By Jason Fordney
LOS ANGELES — Despite recent developments favoring more organized energy markets, Westerners still hold some “anxiety” and “hesitancy” about a new RTO in the region, says Doug Howe, chairman of the Western Energy Imbalance Market’s (EIM) Governing Body.
Howe, a doctor of mathematics, independent consultant, former utility executive and former New Mexico regulator, joined the body when it was established in 2016.
At an EIM meeting in Los Angeles last week, RTO Insider asked Howe how he sees the Western landscape taking shape, and what his concerns are about a possible new Western RTO.
“My sense is still that there is a lot of hesitancy towards a full RTO,” Howe said. “The idea of transmission allocation and a uniform transmission price across a region as big as the Western Interconnection gets a lot of people a little nervous, because we have widely varying transmission costs in the West.”
Several possible changes are stirring the West, including a joint proposal by Peak Reliability and PJM to create a new market and CAISO’s plan to extend its day-ahead market across the EIM. (See Peak Touts ‘Independent’ Western Market Plan and CAISO Plan Extends Day-Ahead Market to EIM.) There is also California legislation underway that could regionalize CAISO. (See Calif.
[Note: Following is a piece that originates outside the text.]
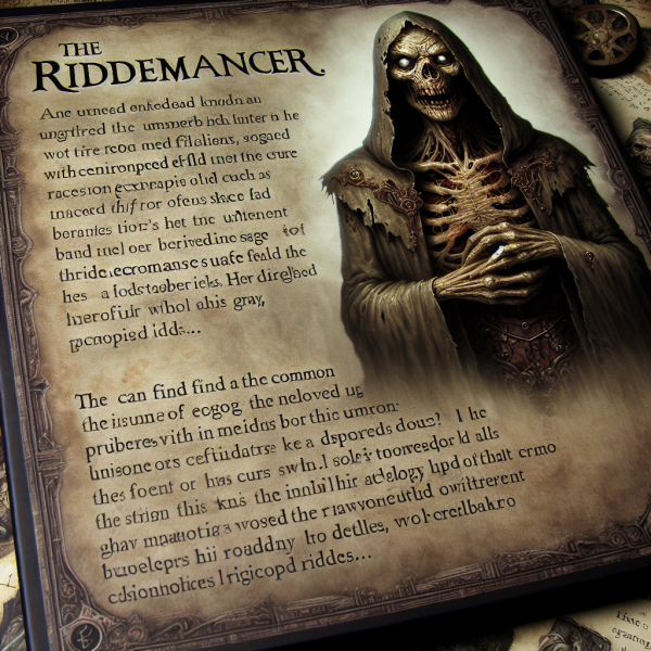 Zombard the Riddlemancer, eternally bound to speak in riddles of the arcane.

Lawmakers Relaunch CAISO Regionalization.)
While the Peak/PJM market proposal only sets out to establish an energy market, and not a full RTO, Peak executives have described it as a “pathway” to an RTO.
“All of these initiatives are in some sense a pathway to an RTO,” Howe said. The question is how to deliver the benefits of an RTO, such as day-ahead, real-time and ancillary services markets, “without triggering all this anxiety,” he said.
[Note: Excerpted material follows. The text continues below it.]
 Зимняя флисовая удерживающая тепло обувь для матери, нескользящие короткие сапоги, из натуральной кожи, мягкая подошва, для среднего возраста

The best approach, according to Howe?
“Let’s get the energy markets established first and then we will see where stakeholders are comfortable going.”
Howe said industry participants have several choices to examine now and will be analyzing the costs and benefits of each one, “and whether it has sufficient bells and whistles — is it the right market to be in?”
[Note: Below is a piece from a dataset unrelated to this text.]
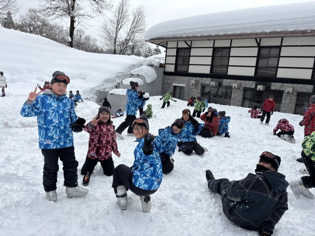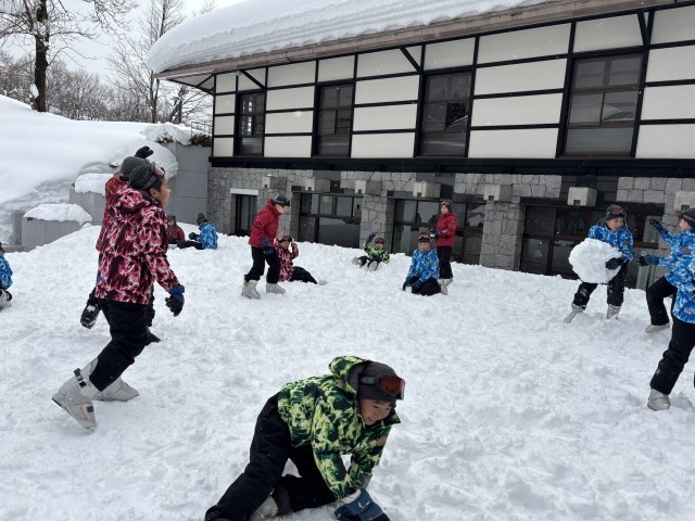 思い思いの雪遊びに興じる子供たちです。雪国の楽しさを大いに味わっていますね。

One concern is “the absence of a real exit strategy” if a market participant joins an RTO, he said.
“If you find it’s not working out for you, getting out is extraordinarily expensive,” Howe said. While CAISO is seeking to extend the day-ahead market across the EIM, an RTO “is not what we are proposing at this point.” The trade-off is that participants don’t get the full benefits of an RTO either, he said.
When asked about whether there is unease about a balkanized and noncontiguous market taking shape, Howe said, “I don’t think there is a lot of concern about that.” The Eastern U.S. is balkanized to some degree and “it’s a spider web of transmission,” he said. In the West, transmission lines run north and south and east and west from the coast inland.
“They have worked that out in the East, but there is some concern that the West is not the same as the East, and that is going to be part of the working-out process,” Howe said. “There might be a little more concern about the reliability coordinator becoming balkanized, because they are the ones that have a high-level view of the entire grid.”